*** Records shown Section Begins ***

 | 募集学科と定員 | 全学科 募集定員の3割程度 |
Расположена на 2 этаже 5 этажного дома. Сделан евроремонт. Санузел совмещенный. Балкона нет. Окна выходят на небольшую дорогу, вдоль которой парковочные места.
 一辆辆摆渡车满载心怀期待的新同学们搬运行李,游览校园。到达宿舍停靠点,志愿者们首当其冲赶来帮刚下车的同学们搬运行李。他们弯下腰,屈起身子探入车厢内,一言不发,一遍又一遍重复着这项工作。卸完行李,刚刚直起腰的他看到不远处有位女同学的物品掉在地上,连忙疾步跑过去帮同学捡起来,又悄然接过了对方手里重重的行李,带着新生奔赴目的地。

*** Records shown Section Ends ***
*** Records shown Section Begins ***

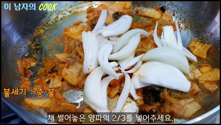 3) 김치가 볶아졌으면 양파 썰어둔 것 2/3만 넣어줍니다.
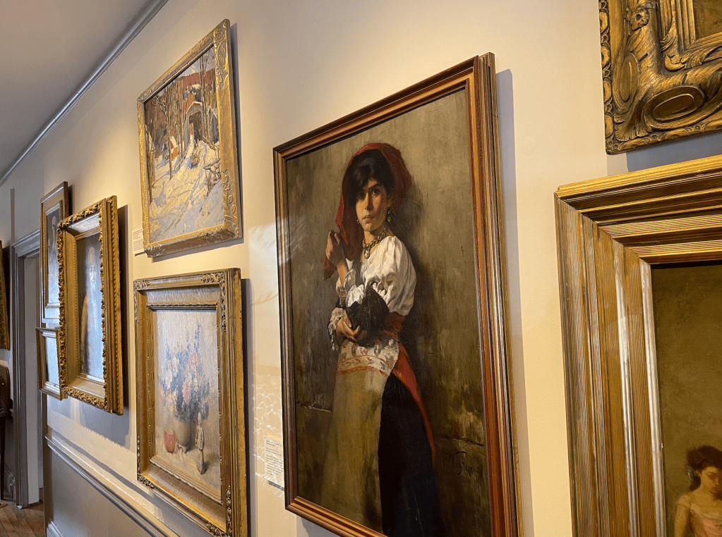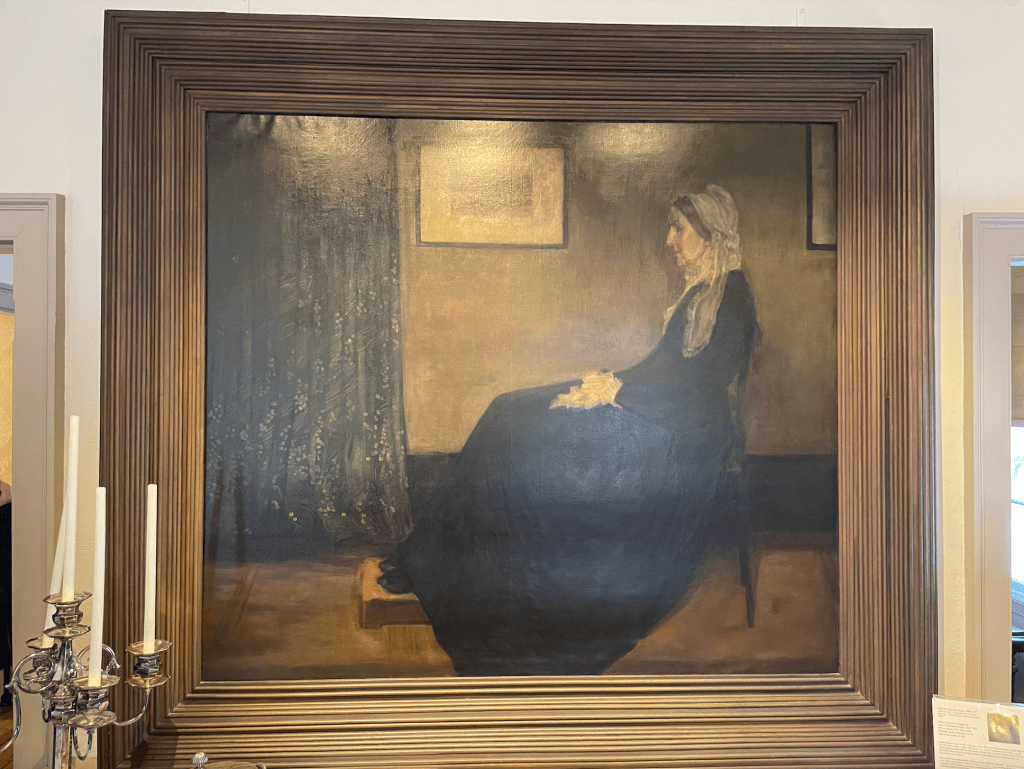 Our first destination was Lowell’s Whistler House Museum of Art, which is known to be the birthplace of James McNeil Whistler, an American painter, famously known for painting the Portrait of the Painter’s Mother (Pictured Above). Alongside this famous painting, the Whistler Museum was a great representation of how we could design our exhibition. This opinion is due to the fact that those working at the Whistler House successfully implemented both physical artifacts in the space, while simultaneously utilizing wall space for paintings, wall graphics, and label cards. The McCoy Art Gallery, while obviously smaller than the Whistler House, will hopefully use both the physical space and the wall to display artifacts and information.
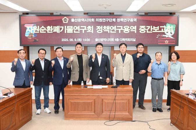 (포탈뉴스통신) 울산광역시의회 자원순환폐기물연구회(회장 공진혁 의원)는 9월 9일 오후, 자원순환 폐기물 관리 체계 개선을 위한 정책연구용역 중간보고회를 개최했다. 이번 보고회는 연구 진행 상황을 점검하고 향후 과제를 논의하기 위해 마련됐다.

*** Records shown Section Ends ***

• [What you should do]: Exact copy, pictures excluded: from the line with "3) 김치가 볶아졌으면 양파 썰어둔 것 2/3만 넣어줍니다." up to and including the line with "Our first destination" in the data above.

• [Task output]:
 3) 김치가 볶아졌으면 양파 썰어둔 것 2/3만 넣어줍니다.
 Our first destination was Lowell’s Whistler House Museum of Art, which is known to be the birthplace of James McNeil Whistler, an American painter, famously known for painting the Portrait of the Painter’s Mother (Pictured Above). Alongside this famous painting, the Whistler Museum was a great representation of how we could design our exhibition. This opinion is due to the fact that those working at the Whistler House successfully implemented both physical artifacts in the space, while simultaneously utilizing wall space for paintings, wall graphics, and label cards. The McCoy Art Gallery, while obviously smaller than the Whistler House, will hopefully use both the physical space and the wall to display artifacts and information.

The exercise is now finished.